The New York Public Library may have hit the point right on target with its launch of Biblion: The Boundless Library which is an upcoming free iPad app and website that allows readers to "chart their own journeys through NYPL's collections". In it participants will map new ways of reading in an "immersive magazine experience" that will tie images, text, film, audio and more with online communities "to create new storytelling possibilities".
This sort of interactive, community-centric digital reading approach is also one some publishers are advocating. Hachette, Penguin, Simon & Schuster have partnered with AOL for the launch of Bookish, which paidContent.org calls "an editorially independent platform for discovery and sales". Announced on 6 May, Bookish purports to offer a personalised experience that connects readers with authors and recommended reading through editorial features, unique tools and more.
While Godin might be right when he suggests that eventually the cost of eBooks and eReaders will drop precipitously, one does wonder how − as he suggests − the cost of both "razors and blades" can fall so low that there won't be a demand for free book distribution any longer. (How is it authors will be paid and publishers will have the revenue to produce books?)

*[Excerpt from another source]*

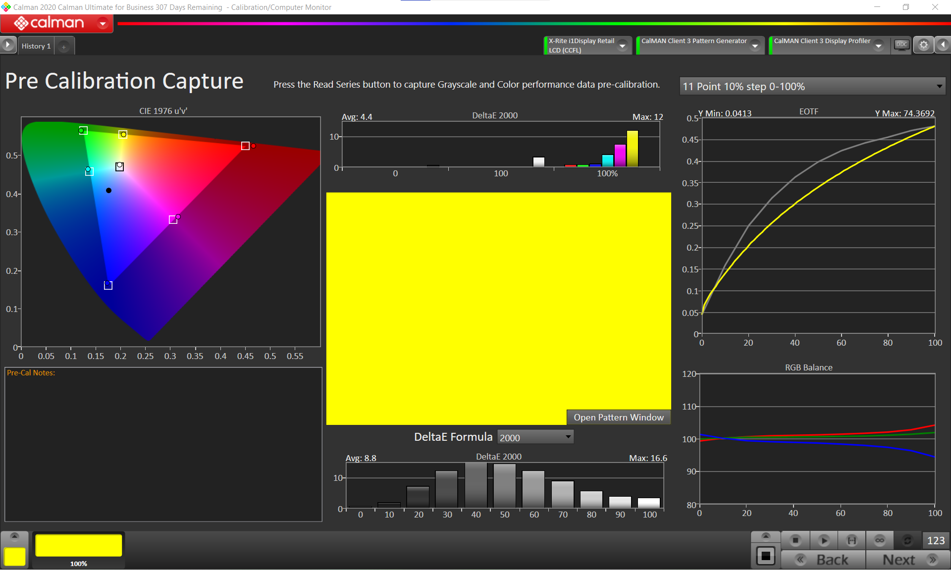 Pre-Calibration performance of the Book 13 in Calman Studio from Portrait

For now, at least, there are certainly markets in which reader demand for library eBooks is great, as the recent announcement that Library Journal will accept romance e-originals for review suggests. There is also much demand in academic and scholarly circles for more flexible eReading business models, as demonstrated by the AIP making its content available on the AcademicPub Platform and, of course, great consumer demand for more eBook content, as Penny Crossland discussed in her LiveWire post "eBooks and eContent − where are we now?"
However what Godin is certainly correct about is that there will remain an need for the librarian as "a data hound, a guide, a sherpa and a teacher ... the interface between reams of data and the untrained but motivated user". Undoubtedly, the role of information professionals is evolving. However, as eReading becomes increasingly socially mediated and reader-centric, the fundamental role of library and librarian as the centre of information communities is one where all signs point to growth.